The SEC’s investigation was conducted by Marc Blau and Sara Kalin of the Los Angeles Regional Office.

Monday, May 21, 2012

FORMER CEO OF PRESSTEK, INC. SETTLES REGULATION FD CHARGES

FROM:  U.S. SECURITIES AND EXCHANGE COMMISSION
May 15, 2012
The Securities and Exchange Commission announced today that Edward J. Marino of Boston, Massachusetts, the former chief executive officer of Connecticut-based Presstek, Inc., has agreed to settle previously-filed charges that he aided and abetted Presstek’s violations of Section 13(a) of the Securities and Exchange Act of 1934 (“Exchange Act”) and Regulation FD. Regulation FD generally prohibits public companies from selectively disclosing material non-public information to certain investors without simultaneously disclosing it to all investors. Among other things, Marino has agreed to pay a $50,000 civil penalty.

On March 9, 2010, the Commission filed a civil injunctive action against Marino and Presstek, a manufacturer and distributor of high-technology digital imaging equipment. The Commission's complaint alleged that on September 28, 2006, while acting on behalf of Presstek, Marino selectively disclosed material non-public information regarding Presstek's financial performance during the third quarter of 2006 to partner of a registered investment adviser. According to the complaint, within minutes of receiving the information from Marino, the partner decided to sell all of the shares of Presstek stock managed by the investment adviser. The complaint alleged that Presstek violated of Section 13(a) of the Exchange Act and Regulation FD when it did not simultaneously disclose to the public the information provided by Marino to the partner, and that Marino aided and abetted those violations.

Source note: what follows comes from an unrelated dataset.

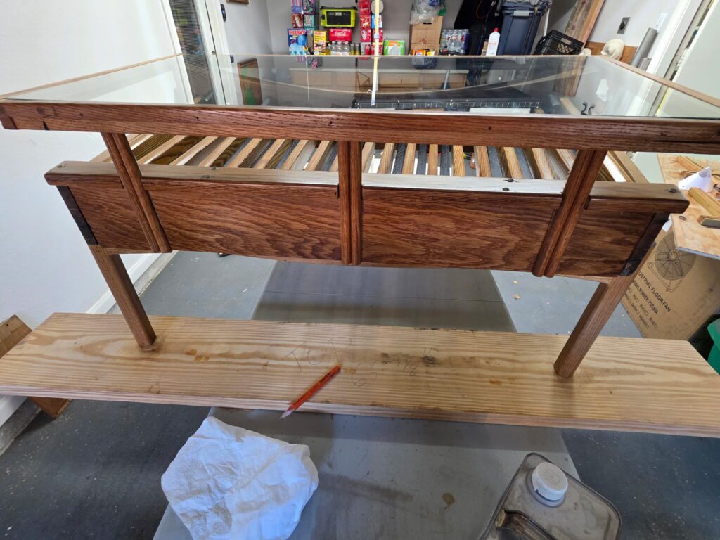 The organ, once lost to the floods of Hurricane Ike, has been beautifully reborn as this one-of-a-kind heirloom. The table’s frame and supports are made from the organ’s original case and roll-top cover, with laminated glass showcasing its craftsmanship.

Without admitting or denying the Commission’s allegations, Marino has consented to the entry of a civil judgment requiring him to pay a $50,000 civil penalty. The civil judgment is subject to approval of the U.S. District Court for the District of Massachusetts. Marino also consented to the issuance of an administrative order making findings that he caused Presstek’s violations and ordering him to cease and desist from committing or causing any violations and any future violations of Section 13(a) of the Exchange Act and Regulation FD.

At the time the case was originally filed in March 2010, Presstek agreed to settle the Commission's charges by consenting to a judgment that enjoins Presstek from further violations of Section 13(a) of the Exchange Act and Regulation FD and ordered it to pay a $400,000 civil penalty.